Treatment For Hormonal headaches

Treatment For Hormonal headaches

Many women suffer from headaches due to hormonal changes in the body.

Many people notice an association with their periods or menstruation with migraines (a type of headache). Menstrual headaches are often quite severe. These headaches may start 2 days before the onset of menstruation or during the first 3 days of menstruation. During this period, the amount of hormone called estrogen decreases in the body of the woman, due to which this headache starts. Migraines at this time of the month are usually more painful than migraines at other times of the month, and the pain is more likely to return the next day.

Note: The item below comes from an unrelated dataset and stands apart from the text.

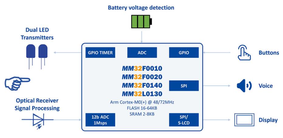 -MM32L0130集成了段碼LCD控制器,且待機(jī)功耗可低至100nA,可進(jìn)一步降低血氧儀的整體功耗,實(shí)現(xiàn)更長久和易用的用戶體驗(yàn)
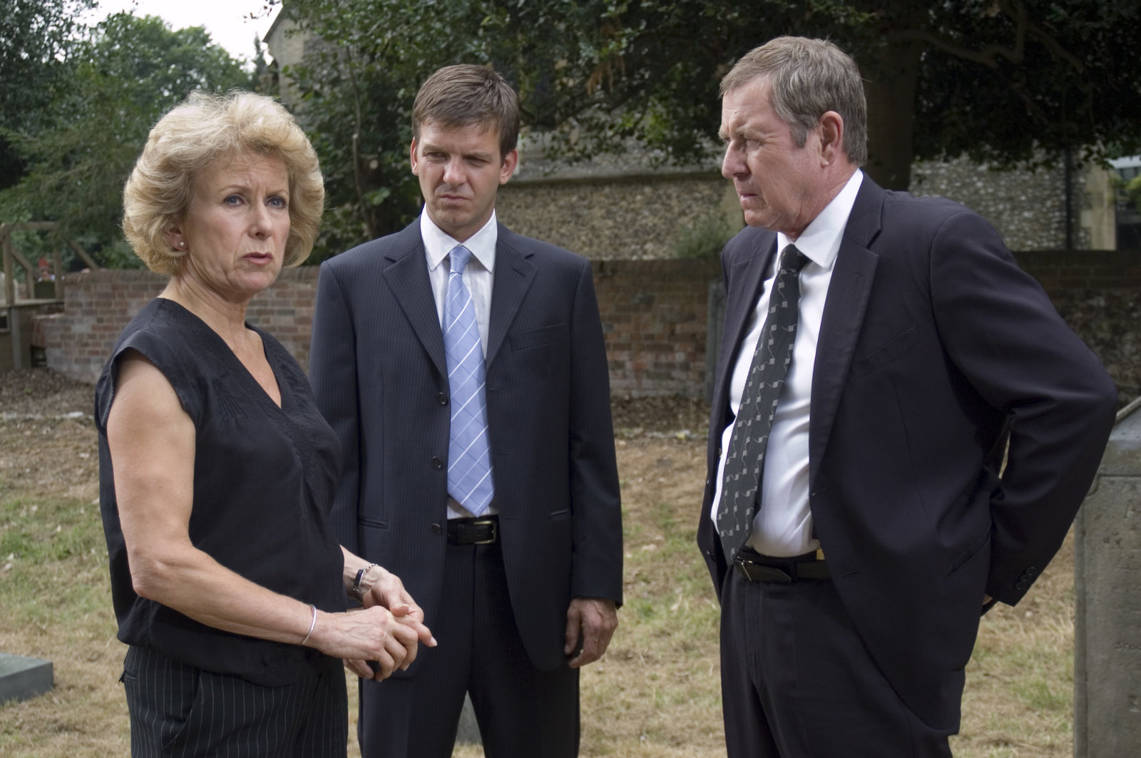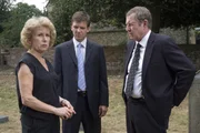 Ein Sarg aus ChinaV.l.n.r.: Die Witwe Hilary King (Susan Tracy), DS Ben Jones (Jason Hughes) und DCI Tom Barnaby (John Nettles)Bild: © ZDF und All3Media

These types of hormonal headaches can be caused by other factors besides menstruation. The reasons are:

  1. Birth Control Pills (Combined Oral Contraceptive Pills) – Some people get fewer headaches while some people get more frequent headaches than before. Especially during the week when they are off the pill and the hormone estrogen decreases.
  2. Menopause or Menopause – As menopause approaches, headaches become more painful. There are two main reasons behind this. One, menstruation is more frequent during the period before fasting. Two, there are hormonal changes in the woman’s body during this time.
  3. Pregnancy – Headaches tend to worsen during the first few weeks of pregnancy. This pain usually subsides or disappears by the last 6 months of pregnancy. And this headache does not harm the baby.

How to know if your headaches are due to hormonal problems

Keep a diary for at least 3 months to find out if your headaches are related to menstruation or not. If your headaches are truly menstrual-related, a diary will help you pinpoint exactly when the headaches started.

Here are some things you can do yourself to deal with these headaches

If you find out through the diary that you have a headache right before your period starts, you can do the following:

  1. Eat small meals frequently to keep your blood sugar at a healthy level. Skipping a meal or eating irregularly can cause headaches. Eat something light before going to bed at night and definitely have breakfast.
  2. Develop regular sleep habits. Do not sleep too much or too little.
  3. Avoid stress. If that’s not possible, try some way to deal with stress, such as regular exercise.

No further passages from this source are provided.